• **Task instructions**
Please repeat, from the entries that follow, the lines from the one containing "Une invitation de" through the one containing "A kaiser leuchten" exactly, adding nothing.

• **Material for the task**
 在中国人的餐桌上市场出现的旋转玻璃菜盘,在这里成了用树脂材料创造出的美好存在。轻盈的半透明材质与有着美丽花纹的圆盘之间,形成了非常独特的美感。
--
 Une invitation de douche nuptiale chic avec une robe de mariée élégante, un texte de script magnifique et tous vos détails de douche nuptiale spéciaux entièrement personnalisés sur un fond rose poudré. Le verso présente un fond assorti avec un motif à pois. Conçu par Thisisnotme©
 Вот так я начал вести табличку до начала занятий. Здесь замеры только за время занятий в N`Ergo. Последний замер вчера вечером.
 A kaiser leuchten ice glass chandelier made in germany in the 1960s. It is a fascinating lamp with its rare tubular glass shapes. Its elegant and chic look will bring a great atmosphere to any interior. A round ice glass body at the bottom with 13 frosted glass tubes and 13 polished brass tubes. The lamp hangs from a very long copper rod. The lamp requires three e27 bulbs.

• **Task response**
 Une invitation de douche nuptiale chic avec une robe de mariée élégante, un texte de script magnifique et tous vos détails de douche nuptiale spéciaux entièrement personnalisés sur un fond rose poudré. Le verso présente un fond assorti avec un motif à pois. Conçu par Thisisnotme©
 Вот так я начал вести табличку до начала занятий. Здесь замеры только за время занятий в N`Ergo. Последний замер вчера вечером.
 A kaiser leuchten ice glass chandelier made in germany in the 1960s. It is a fascinating lamp with its rare tubular glass shapes. Its elegant and chic look will bring a great atmosphere to any interior. A round ice glass body at the bottom with 13 frosted glass tubes and 13 polished brass tubes. The lamp hangs from a very long copper rod. The lamp requires three e27 bulbs.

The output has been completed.